Ricko sudah memakai kemejanya lalu berjongkok di depan Intan yang duduk di
tepi tempat tidur. Intan memasang dasi di leher Ricko seperti dulu dengan
tersenyum. Ricko mendekat hendak mencium bibir Intan, tiba-tiba Ricki dan
Ricka masuk ke dalam kamar mereka.

“Mama!” seru mereka serempak lalu menghambur ke Intan dan memeluknya.

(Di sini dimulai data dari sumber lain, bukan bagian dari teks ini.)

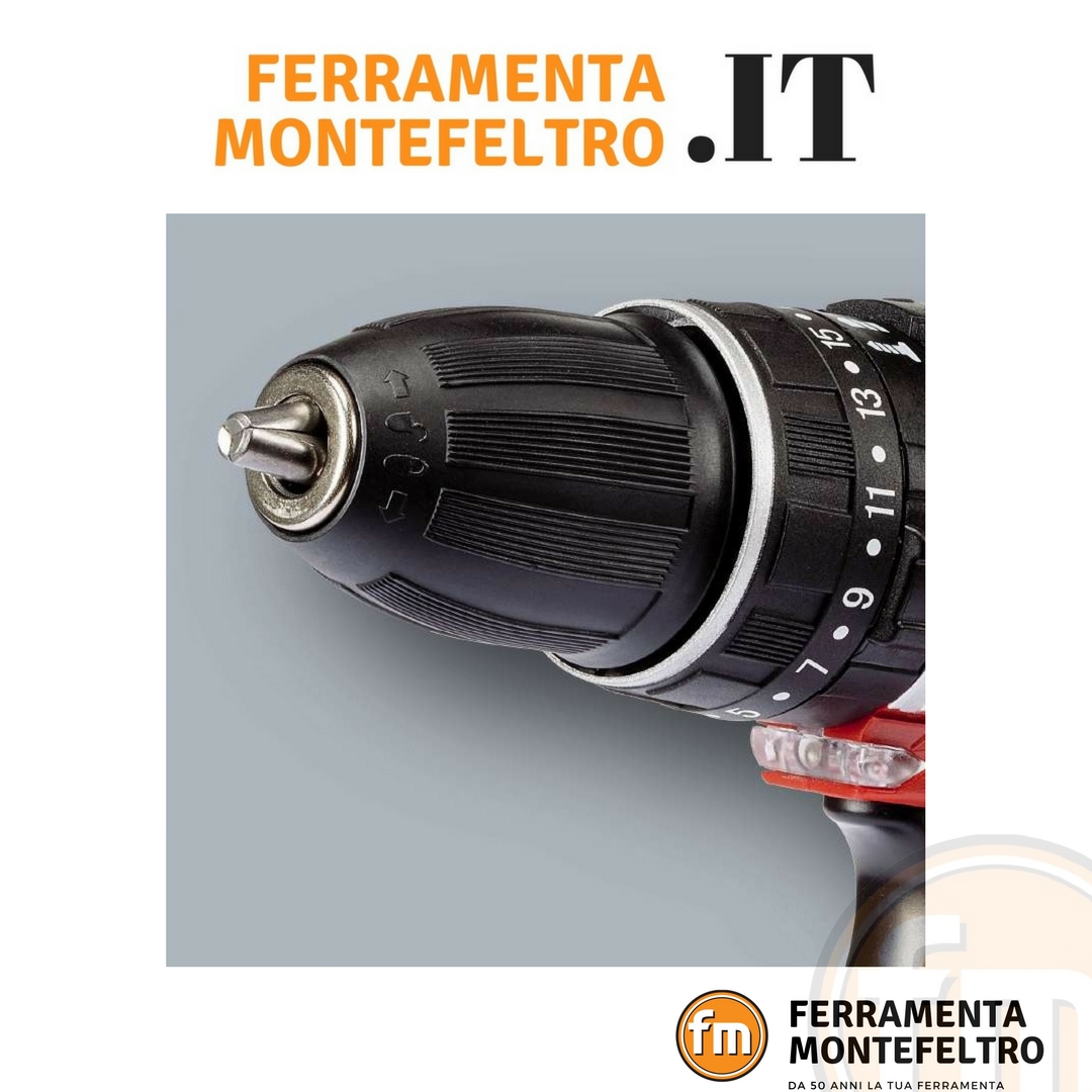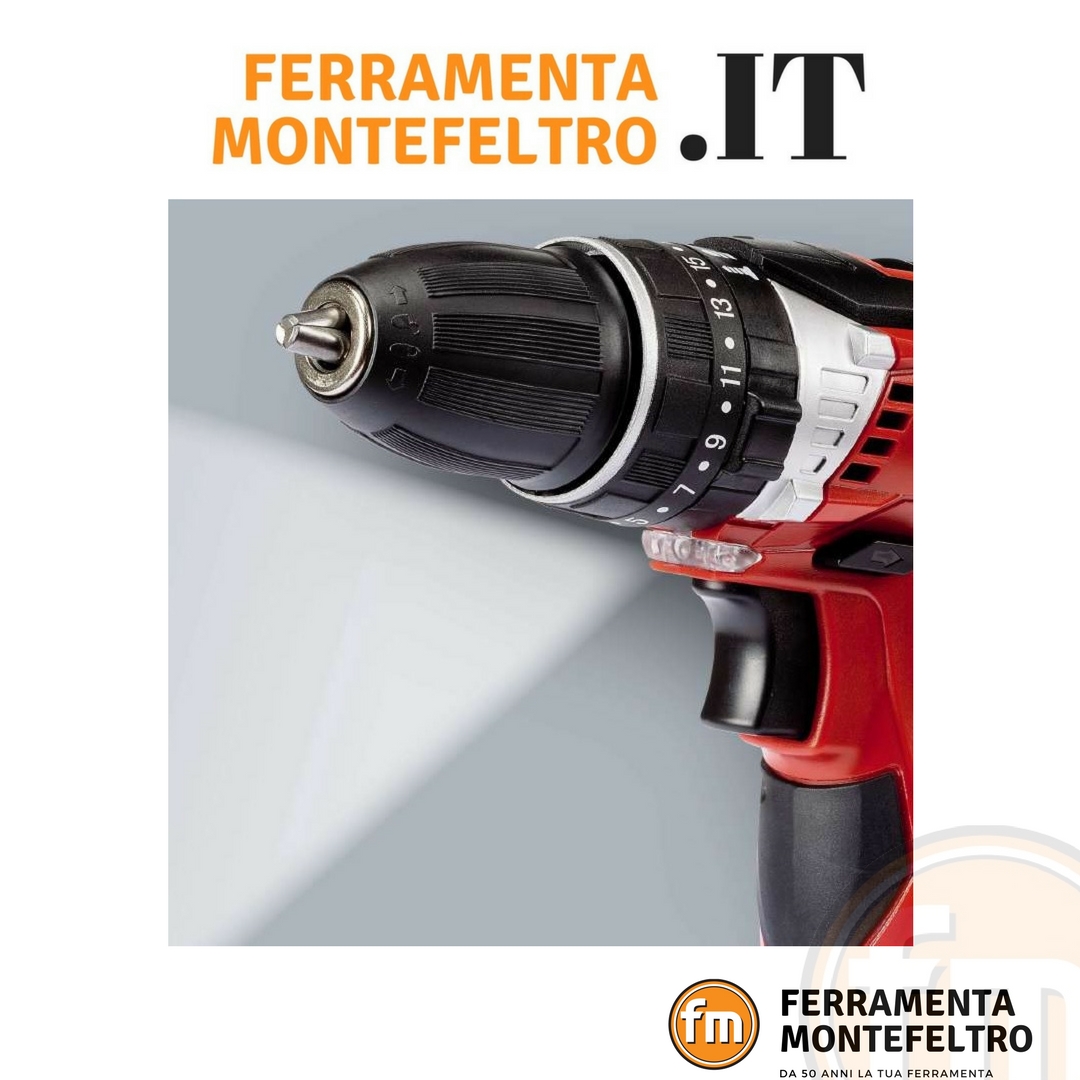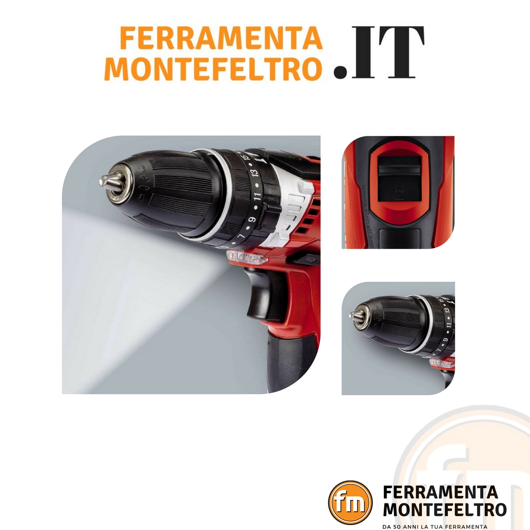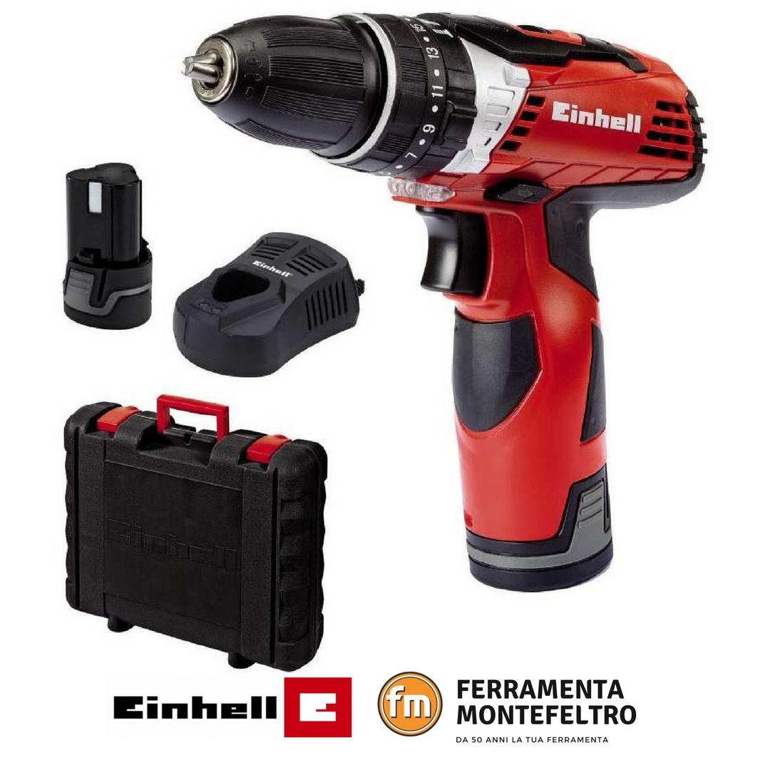 Il trapano avvitatore a percussione a batteria Einhell TE-CD 12 Li-i è un robusto tuttofare con potente trasmissione a due velocità per lavori di foratura e avvitamento. Gli ingranaggi in metallo di alta qualità consentono una trasmissione ottimale della forza e valori di potenza elevati a fronte di un basso attrito. 17 livelli di regolazione della coppia e un livello di foratura e trapanatura a percussione garantiscono possibilità di regolazione precise per lavorare su materiali differenti, quali pietra, calcestruzzo, piastrelle o legno. La struttura snella ed ergonomica del trapano a percussione a batteria assicura il comfort necessario anche in caso di lavori prolungati e impegnativi. Insieme al blocco automatico del mandrino e alla funzione Quick-Stop, il mandrino autoserrante a manicotto singolo da 10 mm consente un cambio utensile rapido e facile. Il trapano a percussione è dotato di luce LED integrata per illuminare in maniera ottimale le zone di lavoro poco illuminate. In questo modo l’utente non perde mai di vista il proprio lavoro per esempio in costruzioni grezze o in zone male illuminate. La dotazione comprende due batterie agli ioni di litio da 2,0 Ah.
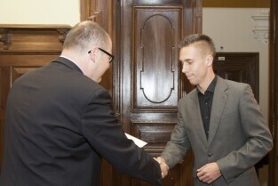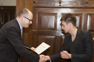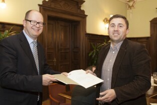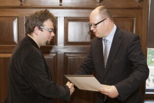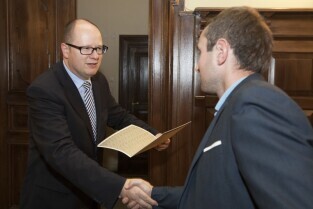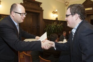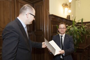 Pierwsze spotkanie Zespołu Konsultacyjnego Budżetu Obywatelskiego 2014, podczas którego Prezydent Gdańska Paweł Adamowicz wręczył oficjalne nominacje. Gdańsk, Nowy Ratusz. Nz. po prawej Radny Miasta Gdańska Marcin Skwierawski
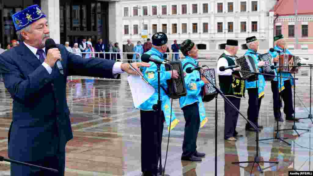 30 августа на площади перед театром Г.Камала прошел традиционный праздник "Играй, гармонь!". Шел дождь - зрителям, пришедшим к 10 утра, пришлось дожидаться начала музыкального праздника целый час. В прошлом году народу было ощутимо больше. В этот раз у театра Г.Камала не было ни одной вывески, ни одного баннера с поздравлениями с Днем Республики.
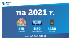 W 2021 roku liczby te wzrosną prawie trzykrotnie ( 118 budynków, 1139 mieszkań, co daje likwidację – 1480 pieców, koszt ponad 46,6 mln zł)

“Ayo cepat!” ajak mereka seraya menarik tangan Intan masing-masing di


tangan kiri dan kanan Intan.

“Iya … iya … “ ucap Intan seraya berdiri lalu mengikuti kedua anaknya. Ricko
mencebikkan bibirnya karena kedua anaknya mengabaikannya. Kemudian ia
tersenyum karena kini ia merasa bahagia. Ia bisa melihat senyum dan tawa
istrinya seperti dulu lagi. Apalagi dengan si kembar yang kini sudah berusia dua
tahun.

Mereka berempat pun masuk ke dalam mobil lalu menuju hotel milik Ricko. Di
hotel itu akan diadakan pesta ulang tahun si kembar yang kedua tahun. Semua
orang sudah hadir di sana. Pak Bambang, bu Sofi, pak Ramli, bu romlah, Johan,
Sita, Romi, Reyhan, Tia, Gibran, para pegawai, para pembantu, dan semua
klien Ricko.

Semua orang menyambut kedatangan Ricko, Intan, dan si kembar. Termasuk


Melly yang kini sudah jadian dengan Adit, Vina yang jadian dengan Rudy (
karyawan WO yang mengurus pernikahan Ricko dulu, kini mengurus
pernikahan Romi dan Sita), Dina yang akhirnya jadian dengan Ali. Rena? Tetap
jomlo. Wkwkwk.
Pesta ulang tahun Ricka dan Ricki kali ini diadakan Ricko dengan besar-
besaran di aula hotel. Sekaligus ia mengadakan syukuran atas sadarnya Intan
dari koma. Setelah semua orang menyanyikan lagu selamat ulang tahun, Ricki
dan Ricka pun meniup lilin kue ulang tahun mereka masing-masing dengan
bantuan Ricko dan Intan. Semua orang bertepuk tangan dengan riuh. Intan
menitikkan air matanya karena terlalu bahagia. Ia merasa sangat bahagia yang
tiada tara. Ia pun mencium pipi Ricki dan Ricka bergantian lalu memeluk
mereka di sisi kanan dan kirinya. Begitu juga dengan Ricko memeluk mereka
bertiga.

Setelah acara pesta ulang tahun selesai, Ricko mengajak Intan dan si kembar
naik ke atap hotel. Di sana sudah ada sebuah helikopter baru beserta dengan
pilotnya. Ricko menepati janjinya untuk membeli helikopter untuk Intan. (Ingat
ya pemirsa “beli” bukan “nyewa” lagi. Hahaha). Ricko mengajak mereka naik
helikopter itu dan terbang ke Bali.

Sementara itu Rossa di rumahnya duduk di atas kursi roda sedang menonton
televisi acara ulang tahun Ricka dan Ricki. Karena diadakan besar-besaran,
sehingga banyak stasiun televisi yang meliput acara itu dan menyiarkannya
secara langsung. Rossa merasa geram dan marah. Ia pun menjerit histeris
dengan memegangi kedua sisi kepalanya. Kecelakaan dengan Ricko 2 tahun
yang lalu membuat cacat pada kakinya.